One of the most revolutionary movements in the era took place in Florence in the 1570s and 1580s, with the work of the Florentine Camerata, who ironically had a reactionary intent: dissatisfied with what they saw as contemporary musical depravities, their goal was to restore the music of the ancient Greeks. Chief among them were Vincenzo Galilei, the father of the astronomer, and Giulio Caccini. The fruits of their labors was a declamatory melodic singing style known as monody, and a corresponding staged dramatic form: a form known today as opera. The first operas, written around 1600, also define the end of the Renaissance and the beginning of the Baroque eras.

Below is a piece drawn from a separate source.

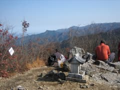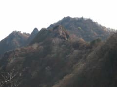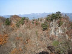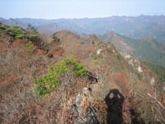 登山道に戻って先に進む。古い道標と新しい道標が沢山あって、道ははっきりしている。シラケ山を下り、岩場を左から巻いて再び稜線に出ると、小ピークが連続する痩せ尾根となる。行く手のピークに天狗岩展望台で会ったご夫婦がいるのが見えた。私がシラケ山に登っている間にどうも追い越されたようだ。写真を撮っているようで、私に気が付いてこちらにカメラを向けているので手を振ったが、逆光になっているので写っただろうか。

Music prior to 1600 was modal rather than tonal. Several theoretical developments late in the 16th century, such as the writings on scales on modes by Gioseffo Zarlino and Franchinus Gaffurius, led directly to the development of common practice tonality. The major and minor scales began to predominate over the old church modes, a feature which was at first most obvious at cadential points in compositions, but gradually became pervasive. Music after 1600, beginning with the tonal music of the Baroque era, is often referred to as belonging to the common practice period.
Western Art Music
While musical life was undoubtedly rich in the early Medieval era, as attested by artistic depictions of instruments, writings about music, and other records, the only repertory of music which has survived from before 800 to the present day is the plainsong liturgical music of the Roman Catholic Church, the largest part of which is called Gregorian chant. Pope Gregory I, who gave his name to the musical repertory and may himself have been a composer, is usually claimed to be the originator of the musical portion of the liturgy in its present form, though the sources giving details on his contribution date from more than a hundred years after his death. Many scholars believe that his reputation has been exaggerated by legend. Most of the chant repertory was composed anonymously in the centuries between the time of Gregory and Charlemagne.

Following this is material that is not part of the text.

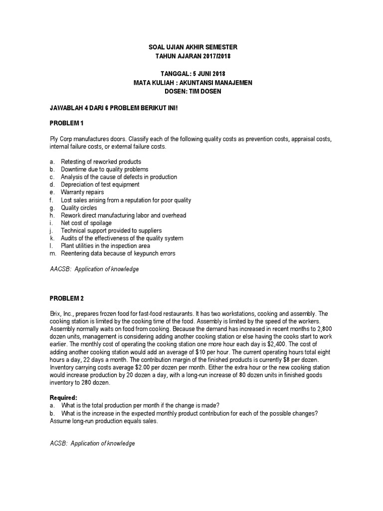 Contoh soal dan jawaban uas akuntansi manajemen. Apabila seorang pengusaha menggunakan uangnya untuk membeli bahan dan tidak jadi di depositokan maka pengeluaran tersebut disebut. Kali ini saya ingin membahas pertanyaan dari sahabat akuntansi yang beberapa waktu lalu mengirimkan pertanyaannya di form komentar blog akuntansi itu mudah. 9 contoh soal akuntansi manajemen dan kunci jawabannyai manajemen akan mempermudah untuk memahami peran tujuan dan makna akuntansi manajemen bagi perusahaan terutama bagi pihak internal perusahaan.

During the 9th century several important developments took place. First, there was a major effort by the Church to unify the many chant traditions, and suppress many of them in favor of the Gregorian liturgy. Second, the earliest polyphonic music was sung, a form of parallel singing known as organum. Third, and of greatest significance for music history, notation was reinvented after a lapse of about five hundred years, though it would be several more centuries before a system of pitch and rhythm notation evolved having the precision and flexibility that modern musicians take for granted.

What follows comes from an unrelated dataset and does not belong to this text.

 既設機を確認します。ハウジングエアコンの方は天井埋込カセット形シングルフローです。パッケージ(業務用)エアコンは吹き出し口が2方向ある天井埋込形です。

Several schools of polyphony flourished in the period after 1100: the St. Martial school of organum, the music of which was often characterized by a swiftly moving part over a single sustained line; the Notre Dame school of polyphony, which included the composers Léonin and Pérotin, and which produced the first music for more than two parts around 1200; the musical melting-pot of Santiago de Compostela in Galicia, a pilgrimage destination and site where musicians from many traditions came together in the late Middle Ages, the music of whom survives in the Codex Calixtinus; and the English school, the music of which survives in the Worcester Fragments and the Old Hall Manuscript. Alongside these schools of sacred music a vibrant tradition of secular song developed, as exemplified in the music of the troubadours, trouvères and Minnesänger. Much of the later secular music of the early Renaissance evolved from the forms, ideas, and the musical aesthetic of the troubadours, courtly poets and itinerant musicians, whose culture was largely exterminated during the Albigensian Crusade in the early 13th century.
Forms of sacred music which developed during the late 13th century included the motet, conductus, discant, and clausulae. One unusual development was the Geisslerlieder, the music of wandering bands of flagellants during two periods: the middle of the 13th century (until they were suppressed by the Church); and the period during and immediately following the Black Death, around 1350, when their activities were vividly recorded and well-documented with notated music. Their music mixed folk song styles with penitential or apocalyptic texts. The 14th century in European music history is dominated by the style of the ars nova, which by convention is grouped with the medieval era in music, even though it had much in common with early Renaissance ideals and aesthetics. Much of the surviving music of the time is secular, and tends to use the formes fixes: the ballade, the virelai, the lai, the rondeau, which correspond to poetic forms of the same names. Most pieces in these forms are for one to three voices, likely with instrumental accompaniment: famous composers include Guillaume de Machaut and Francesco Landini.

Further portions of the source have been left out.